Kitchen cooking competence! - More topical than ever
Since October 2011, "Culinary Medicine Germany" (formerly CookUOS) has been offering -. Cooking in the context of nutrition, health literacy and education for sustainable development offered. Until 2014 at the Institute for Health Research and Education at the University of Osnabrück and since 2015 closely interlinked with the Institute for Nutritional Medicine at the Georg-August University of Göttingen, University Medical Centre. The target groups are currently students in the clinical section of medical studies and medical professions as well as students and professionals in the health and nutrition professions.
Via the guiding motto "Kitchen Cooking Competence" On the one hand, multipliers are trained through practice-oriented seminars (special cooking courses) in "Teaching Kitchens" with an upstream theoretical part, and on the other hand, the general public is informed and sensitised through innovative science communication formats, e.g. "T to the power of 3" on current nutrition-related topics.
Cooking and eating are real-life and tangible activities to teach important topics and knowledge. Through the theory-practice link with a highly emotional and social activity that is inert to everyone, Culinary Medicine cooking courses can be used as a vehicle to bring science closer to the participants. Through practical tasks, they develop creative and decision-making skills, self-responsibility and self-efficacy.
During interdisciplinary colloquia, Culinary Medicine initiates a multi-professional and interdisciplinary exchange between participants through a mandatory transdisciplinary change of perspective.
Culinary Medicine stands for the implementation of more theory-practice-based approaches in higher education to attract multipliers. A cooking course following theoretical lectures in university curricula promotes knowledge, competencies and skills that we need now and in the future to achieve the ambitious goals on food security and climate protection.
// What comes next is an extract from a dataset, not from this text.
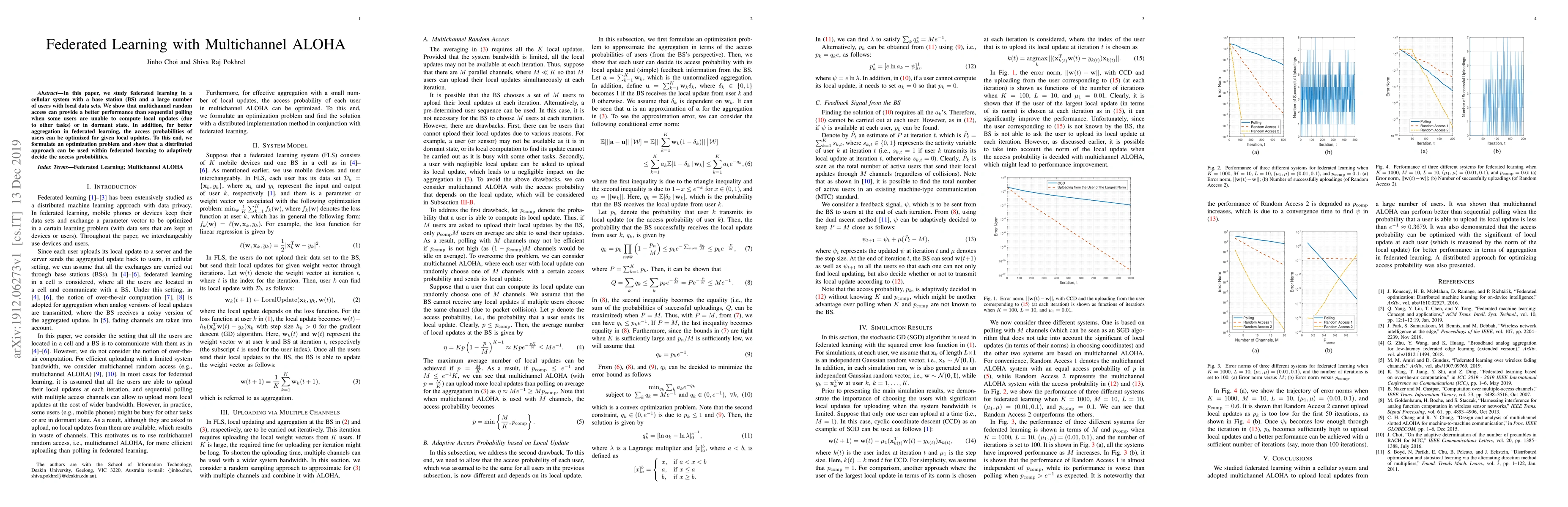 In this paper, we study federated learning in a cellular system with a base station (BS) and a large number of users with local data sets. We show that multichannel random access can provide a better performance than sequential polling when some users are unable to compute local updates (due to other tasks) or in dormant state. In addition, for better aggregation in federated learning, the access probabilities of users can be optimized for given local updates. To this end, we formulate an optimization problem and show that a distributed approach can be used within federated learning to adaptively decide the access probabilities.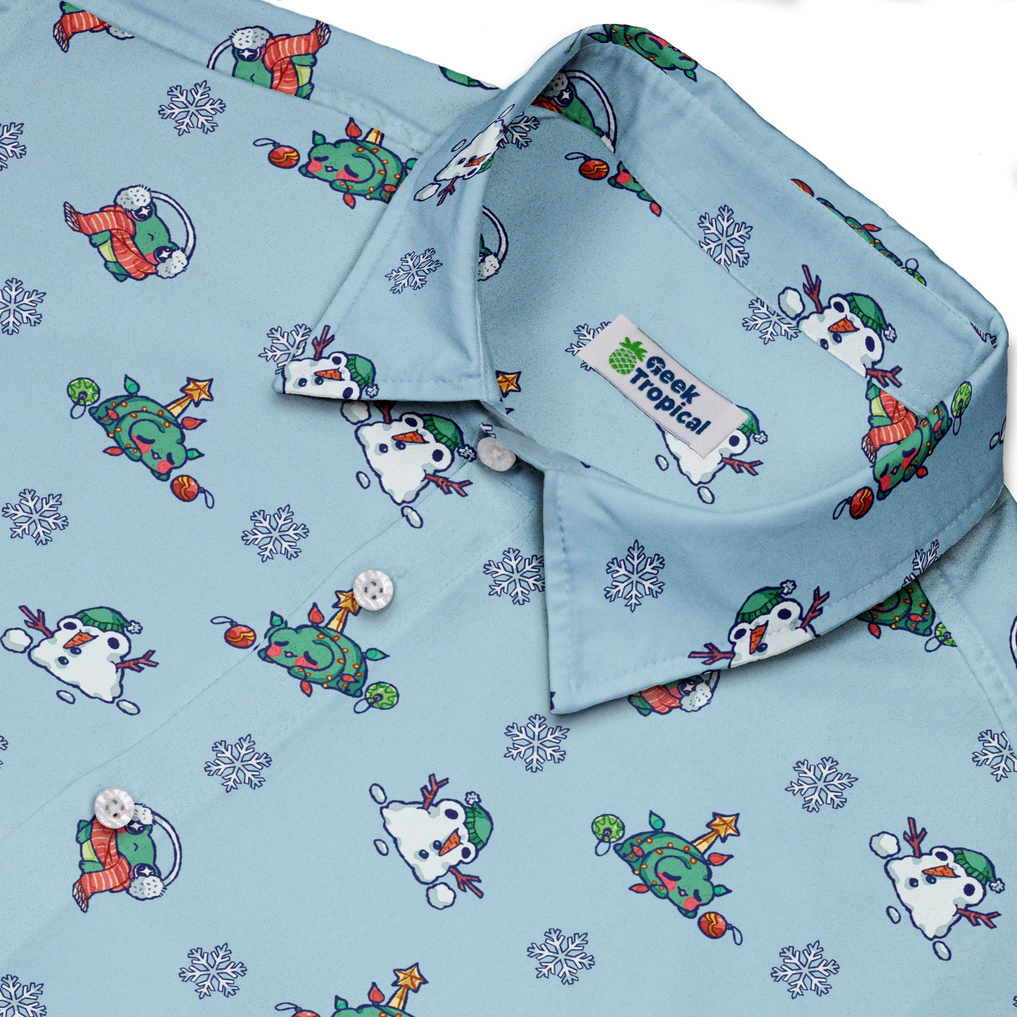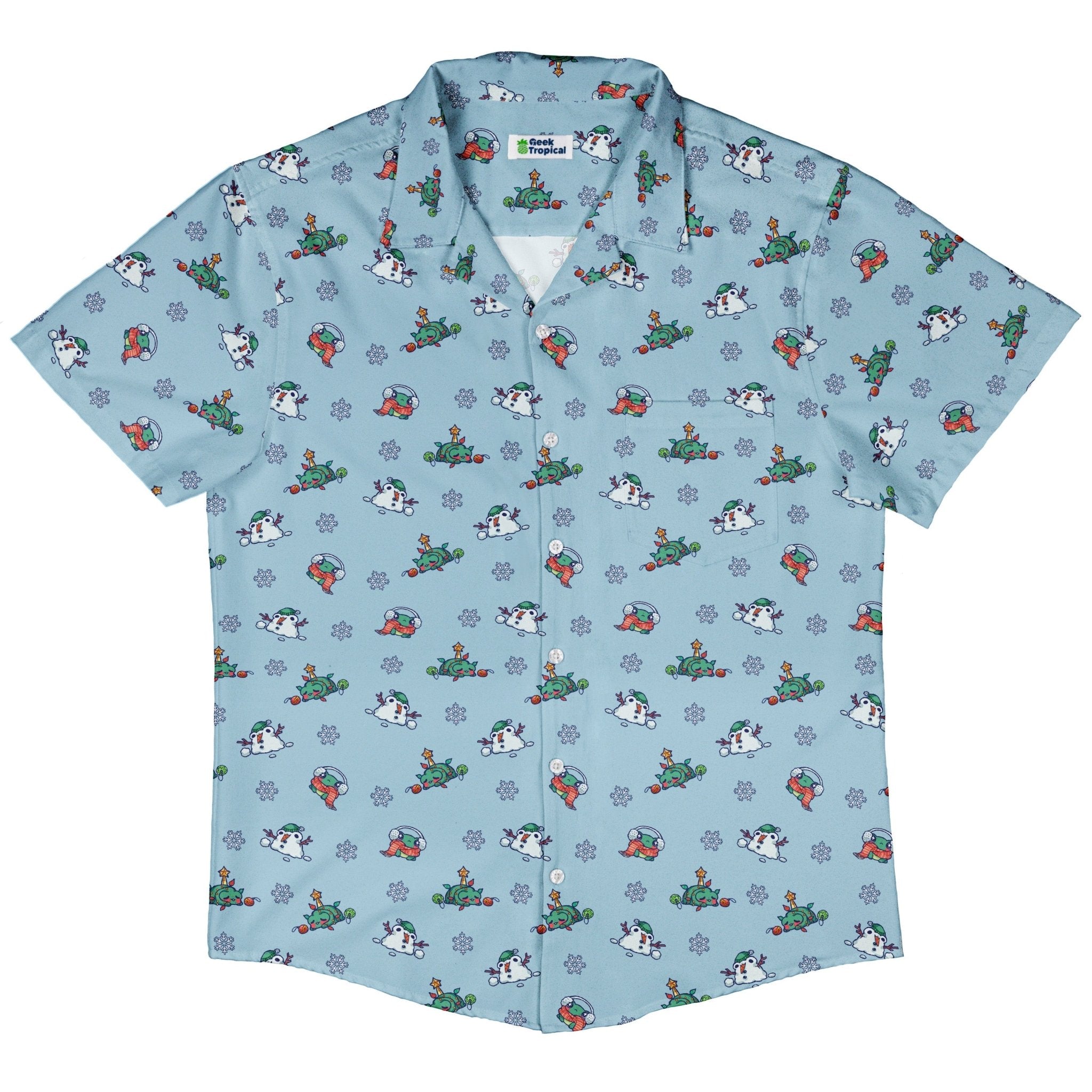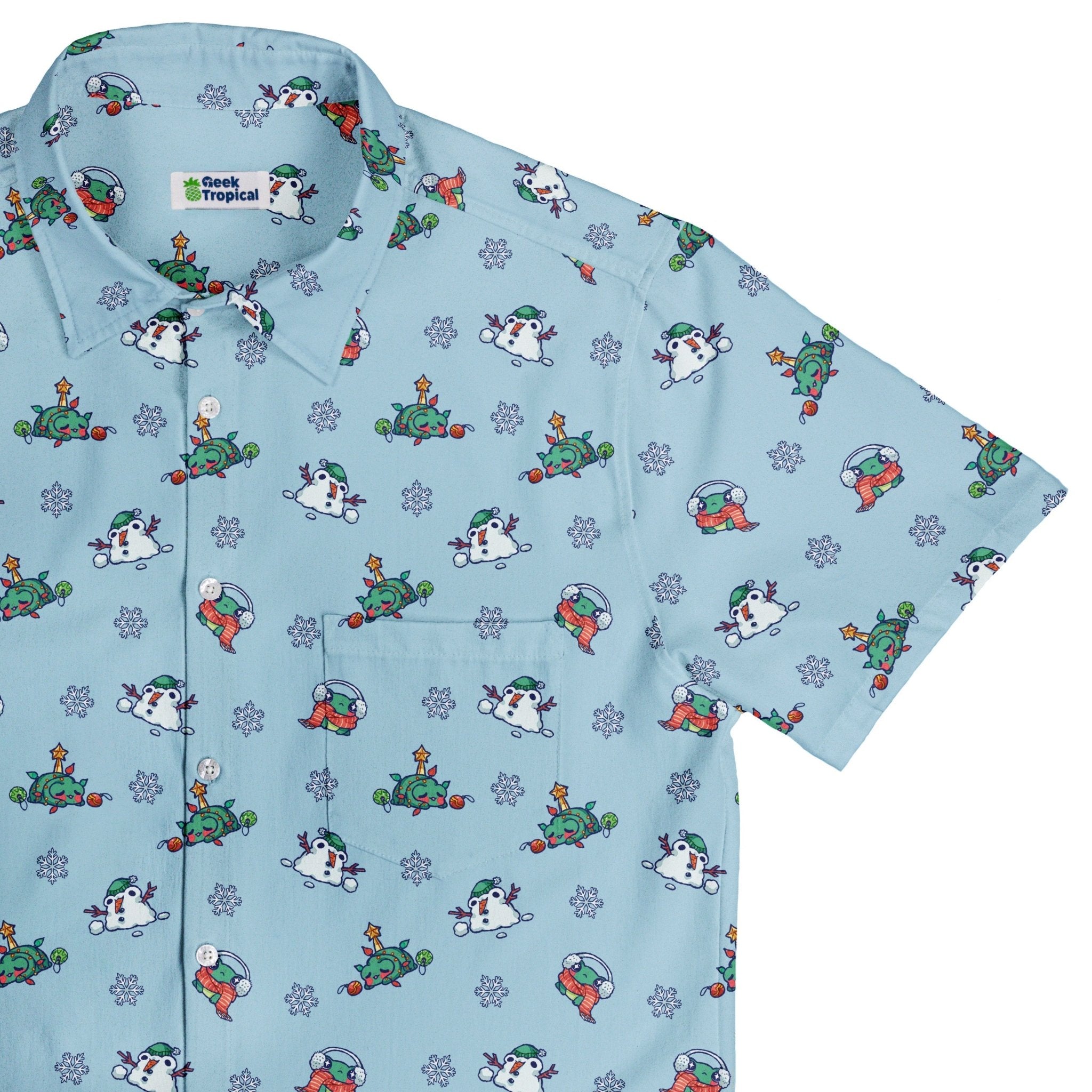 Snowing Frogs Button Up Shirt turns the winter forecast into geeky delight: tiny frogs drifting like snowfall, scattered in lively clusters that pop on a clean, wintry ground. Designed by Ardi Tong, the artwork lines up neatly across the placket and optional pocket for a satisfyingly seamless look. Equal parts holiday cheer and anime energy, it delivers a buttery-soft, breathable feel and eco-conscious inks for style that's playful and kind.

It also identifies opportunities for research and options to promote knowledge transfer within this process from science to society and vice versa.
Read an overview of the experiences from years of successful implementation here.
Ellrott, T., & Neumann, U. (2020). Innovation for medical studies: Culinary Medicine piloted as a compulsory elective subject at the University Medical Center Göttingen. Retrieved from https://idw-online.de/de/news759813
Neumann, U. (2018). Cooking Courses in Higher Education: A Method to Foster Education for Sustainable Development and Promoting Sustainable Development Goals. (In: Leal Filho W. (eds) Handbook of Sustainability Science and Research. World Sustainability Series). Cham, Switzerland, pp. 827-848. Retrieved from https://link.springer.com/chapter/10.1007/978-3-319-63007-6_50
Neumann, U., Gillen, O. M., & Behrens, S. (2016). Discovering the value of food. Education for Sustainable Development (CookUOS project). Bible and Liturgy: ... in Cultural Spaces, 89(4), 288-294.
Neumann, U. (2014). CookUOS - Seminar-accompanying cooking course as sustainable multiplier training of student teachers for health, nutrition, consumer and environmental education. In C. Schoch (Ed.), Proceedings of the German Nutrition Society: Vol. 19. abstract volume of the 51st Scientific Congress: [from 12 - 14 March 2014 at the University of Paderborn] (pp. 30-31). Bonn.
Neumann, U. (2012). CookUOS - Seminar Accompanying Cooking Course as Sustainable Multiplier Training of Student Teachers for Health Education, Nutrition and Environmental Awareness: An Innovative, Interdisciplinary Approach in University Teacher Training? In Hans-Rüdiger Müller (Chair), Erziehungswissenschaftliche Grenzgänge 23rd Congress of the DGfE, 12 - 14 March 2012, Osnabrück. Symposium conducted at the meeting of Institut für Erziehungswissenschaft der Universität Osnabrück.
Neumann, U. (2014). Use of teaching kitchens in university teacher training in the context of health, nutrition, consumer and environmental education. In C. Schoch (Ed.), Proceedings of the German Nutrition Society: Vol. 19. abstract volume of the 51st Scientific Congress: [held 12 - 14 March 2014 at the University of Paderborn] (pp. 97-99). Bonn.